Aquí es donde te vuelves hombre de verdad, cuando comienzas a sentir lo que significa incorporar al sutil juego personal el factor de inseguridad de un yo ajeno: “Well, I know you don’t love me, and I don’t know the reason why…” (Sé que no me amas y no conozco la razón).

“It’s All Right, It’s All Right”, sentencia Taylor y al sentir el rasgueo de su guitarra te das cuenta de que cuando amas a una mujer eso hace que broten canciones, aunque no sean tuyas ni sepas cantar.
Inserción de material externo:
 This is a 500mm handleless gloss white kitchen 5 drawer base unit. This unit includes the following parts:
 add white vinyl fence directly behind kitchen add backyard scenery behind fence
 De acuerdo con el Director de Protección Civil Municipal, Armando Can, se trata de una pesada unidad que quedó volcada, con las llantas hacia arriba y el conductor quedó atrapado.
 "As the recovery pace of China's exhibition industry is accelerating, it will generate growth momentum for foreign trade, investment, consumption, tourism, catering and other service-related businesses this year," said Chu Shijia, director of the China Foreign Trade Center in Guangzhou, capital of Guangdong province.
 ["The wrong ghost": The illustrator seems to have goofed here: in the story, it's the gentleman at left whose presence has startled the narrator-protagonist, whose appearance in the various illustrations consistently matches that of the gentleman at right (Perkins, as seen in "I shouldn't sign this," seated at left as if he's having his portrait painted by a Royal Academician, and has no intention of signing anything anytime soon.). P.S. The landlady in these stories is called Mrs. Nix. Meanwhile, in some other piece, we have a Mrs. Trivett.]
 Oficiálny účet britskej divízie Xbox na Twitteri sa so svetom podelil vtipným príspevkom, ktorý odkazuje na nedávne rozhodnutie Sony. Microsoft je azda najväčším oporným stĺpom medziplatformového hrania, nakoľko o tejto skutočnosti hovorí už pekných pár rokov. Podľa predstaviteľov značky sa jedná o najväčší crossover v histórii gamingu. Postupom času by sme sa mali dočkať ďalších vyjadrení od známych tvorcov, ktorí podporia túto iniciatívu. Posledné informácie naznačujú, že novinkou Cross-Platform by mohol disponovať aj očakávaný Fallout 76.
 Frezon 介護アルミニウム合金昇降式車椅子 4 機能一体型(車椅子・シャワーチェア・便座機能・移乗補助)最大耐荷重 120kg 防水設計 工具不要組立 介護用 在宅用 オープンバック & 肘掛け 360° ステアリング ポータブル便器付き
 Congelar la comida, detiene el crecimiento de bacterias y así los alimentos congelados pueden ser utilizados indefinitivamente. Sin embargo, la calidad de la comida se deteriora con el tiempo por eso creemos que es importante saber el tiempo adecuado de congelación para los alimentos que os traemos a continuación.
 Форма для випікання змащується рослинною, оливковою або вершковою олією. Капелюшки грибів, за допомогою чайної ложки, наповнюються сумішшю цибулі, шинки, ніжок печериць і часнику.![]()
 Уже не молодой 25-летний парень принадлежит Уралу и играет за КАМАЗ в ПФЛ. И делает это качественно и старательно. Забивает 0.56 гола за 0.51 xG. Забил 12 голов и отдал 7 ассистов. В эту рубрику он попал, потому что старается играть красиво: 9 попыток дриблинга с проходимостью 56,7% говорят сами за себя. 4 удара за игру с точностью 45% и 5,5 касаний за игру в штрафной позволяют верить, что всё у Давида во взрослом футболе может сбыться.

Y están en lo más hondo de ti. Luego ella se irá por cualquier motivo y se llevará consigo algo tuyo, que ni siquiera sabías que tuvieras.

Algo que ni tus padres, ni tus amigos cercanos conocían. Pero al llevárselo te dejará extrañándolo, echándolo de menos. Y ese algo será mejor que cualquier cosa que hayas tenido nunca hasta entonces.

Eso me lo explicó el blues, eso me legó Hound Dog Taylor con “She’s Gone”. ¡Salud!